Let us now describe the off-line algorithm employed to design values for the interleaver parameters of Table I, in order to ensure that the order of the chips in the sequence **b** is effectively 'randomised'. Note that the N-chip input sequence **b** has  $2^{N/8}$  legitimate permutations, since the PN spreader of Figure 1 has a coding rate of k/n=1/8 [15, Table 24]. As described above, the module detailed in this section maps each of these permutations to a different permutation of the output chip sequence **f**. The particular mapping that is employed depends upon the parameters of the interleavers. Our off-line algorithm used for designing these parameters attempts to maximise the minimum Hamming distance  $d_{\rm H}^{\rm min}$  between the legitimate permutations of **f**, as we shall detail below. In this

way, the number of chip errors that is required to transform the transmitted permutation of **f** into any other legitimate permutation is maximised. This maximises the probability that transmission errors can be detected and corrected by the iterative decoder of Figure 1, optimising its performance.

Though it is beyond the scope of this paper, it can be shown that  $d_{\rm H}^{\rm min}$  can be as low as six if the interleaver does not effectively 'randomise' the order of its chips. However, it can be shown that  $d_{\rm H}^{\rm min}$  will increase to at least 24, provided that the interleaver parameterisation satisfies two conditions. The first condition requires the interleaver to separate every pair of chips from each n = 32-chip PN sequence in b with at least two chips from other PN sequences, when they are re-positioned in e. For example, this condition will not be satisfied, if the chips  $b_{66}$  and  $b_{98}$  (which are constituent of the same n = 32-chip PN sequence in b, as shown in Figure 4) are interleaved to positions  $e_{343}$  and  $e_{341}$ , respectively (which are separated by only one other chip position, namely  $e_{342}$ ). The second condition of achieving  $d_{\rm H}^{\rm min} \geq 24$  requires each n=32-chip PN sequence in **b** to have no more than one chip in e that is adjacent to a chip within each of the other PN sequences. For example, if the chips  $b_{32}$  and  $b_{34}$  are interleaved to positions  $e_{512}$  and  $e_{125}$ , respectively, and the chips  $b_{610}$  and  $b_{639}$  are interleaved to  $e_{124}$  and  $e_{513}$ , respectively, then the second condition will not be satisfied.

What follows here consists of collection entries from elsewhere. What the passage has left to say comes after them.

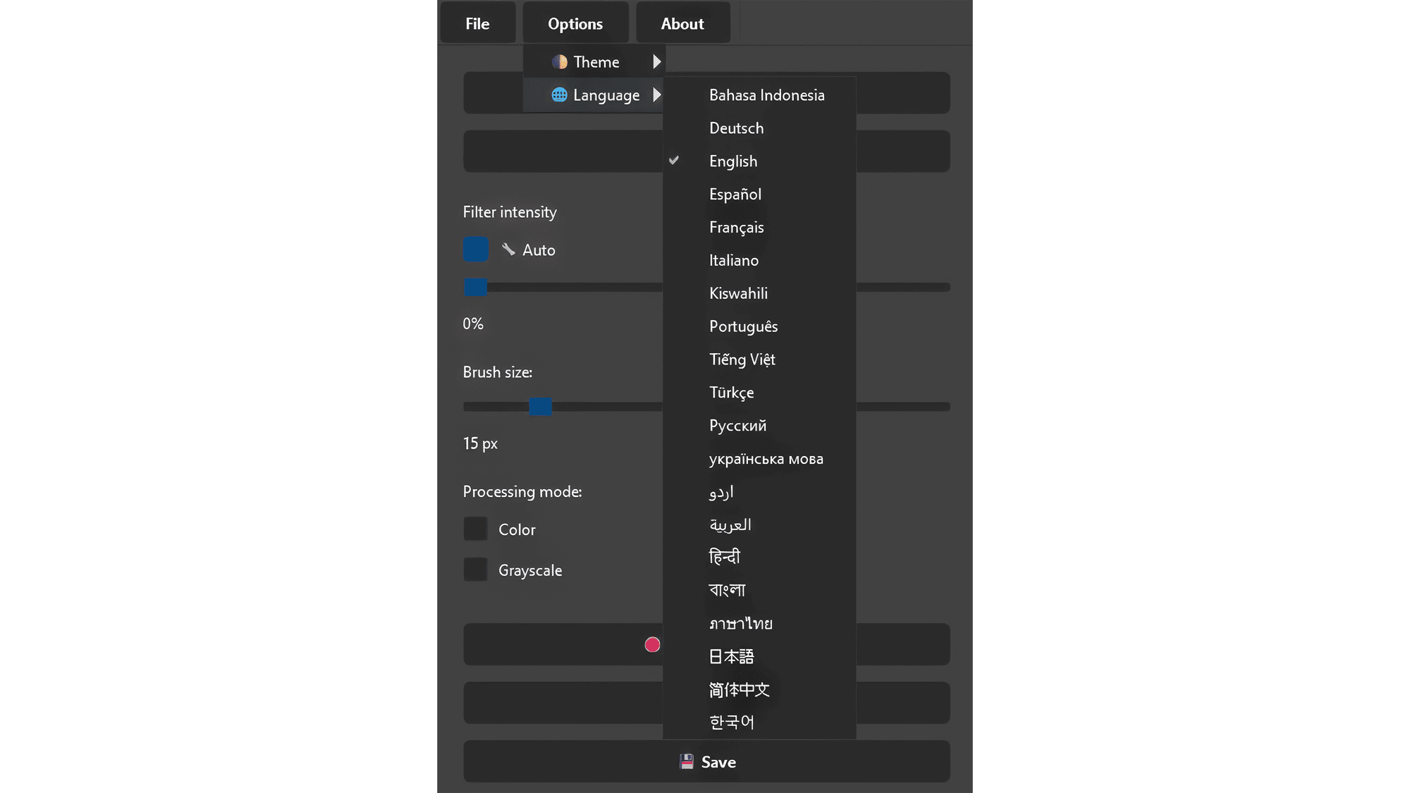INTERFACE LANGUAGES: Bahasa Indonesia, Deutsch, English, Español, Français, Italiano, Kiswahili, Português, Tiếng Việt, Türkçe, Русский, українська мова, اردو, العربية, हिन्दी, বাংলা, ภาษาไทย, 한국어, 日本語, 简体中文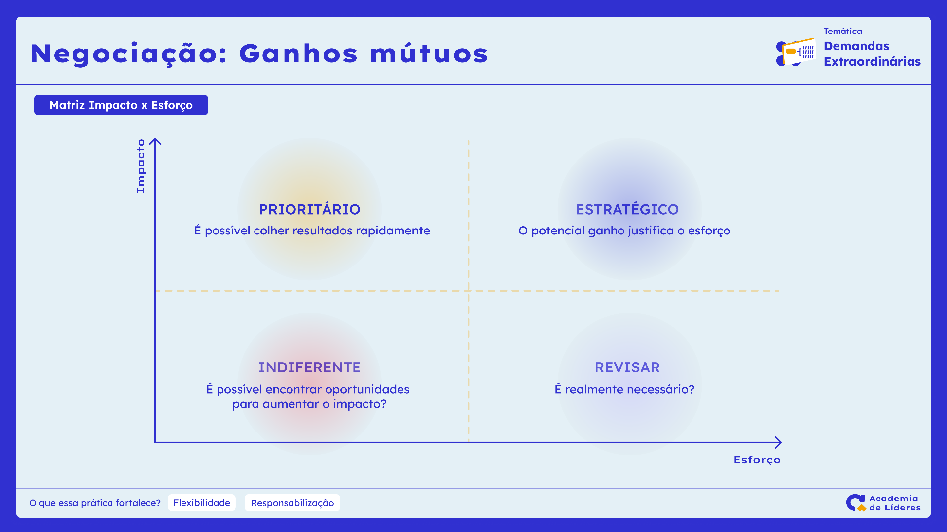 - Busca de critérios objetivos. Para garantir que o acordo seja justo, as decisões são baseadas em critérios objetivos, como impacto da decisão, nível de esforço, dados ou princípios reconhecidos por todos. Isso evita que o resultado dependa apenas do poder de barganha de cada lado. Nesta etapa é possível utilizar uma Matriz de Impacto x Esforço para compreender qual alternativa é mais interessante para a questão aprofundada.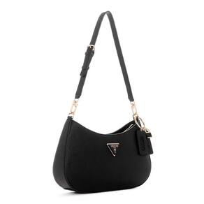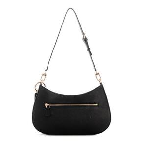 Bolsa de ombro GUESS Noelle com zíper superior, preta — O interior possui 1 bolso com zíper e 3 compartimentos para cartões — Hardware dourado brilhante — l: 11,5 polegadas l: 2,75" a: 7" — Queda de ombro: 12,5 polegadas

The described conditions of achieving  $d_{\rm H}^{\rm min} \geq 24$  motivated the design of a GA (GA) [24], which was employed for selecting beneficial values for the parameters of Table I. The first goal of the proposed GA was to maximise the minimum positional separation between any two chips in e that originate from the same n=32-chip PN sequence in b. Our GA's second goal was to minimise the maximum number of occurrences that any two n=32-chip PN sequences in b have chips that are positioned next to each other in e. Clearly, in order to achieve these goals, the grade of freedom for the interleavers to re-position the N chips in the sequence b must be fully exploited, as described above.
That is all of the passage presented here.